If there’s a lesson to be gleaned here, it’s that there’s a very thin line between supporting your friends and enabling them. In their attempt to protect each other’s futures, the four friends enabled a lie that offered fleeting reprieve, but ultimately left them in moral debt.
But in real life, one of the beauties of female friendship, Salvador says, lies in the ability to call each other out without letting egos get in the way. “And we do it respectfully,” she says. “We can accept [each other’s words] and really listen.”
“You support your friends in things that will be good for them, not in what’s wrong,” Dizon adds.
A delicate balancing act
This, of course, is not always the case for everyone. Sometimes, Ramirez says, people end up doing the wrong things without even realizing it. “Maraming gumagawa ng mali na hindi nila alam na ‘yon na pala ang ginagawa nila. O minsan, they know but they just don’t want to accept it,” she says.
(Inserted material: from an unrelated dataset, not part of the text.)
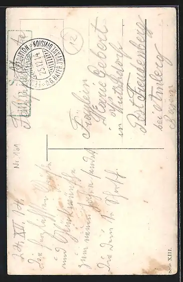 Personenbezogene Daten auf der Rückseite der Karte wurden durch blauen Textmarker unkenntlich gemacht. Die blauen Stellen sind auf die Vorderseite durchgeweicht und wirken sich negativ auf das Postkartenfoto aus

It’s a delicate balancing act. You want to be supportive, and at the same time, not let your friends make decisions that could be detrimental to their lives. That often entails dishing out harsh truths—but without overstepping each other’s boundaries, coming across as overbearing, or, in Estrada’s words, “being negative or a hater.”
“There’s a healthy way to communicate with people you love. Even if your opinions challenge your friends’ or you’re not a fan of what they’re doing, you can have that conversation without telling them what to do. Because nobody likes that—we want to be in control of our own lives,” Estrada says.
As such, she stresses, communication is key to friendship and to healthy relationships in general. “You want your friends to understand that you’re doing this out of concern and out of love, and that you want the same from them, too,” Estrada says.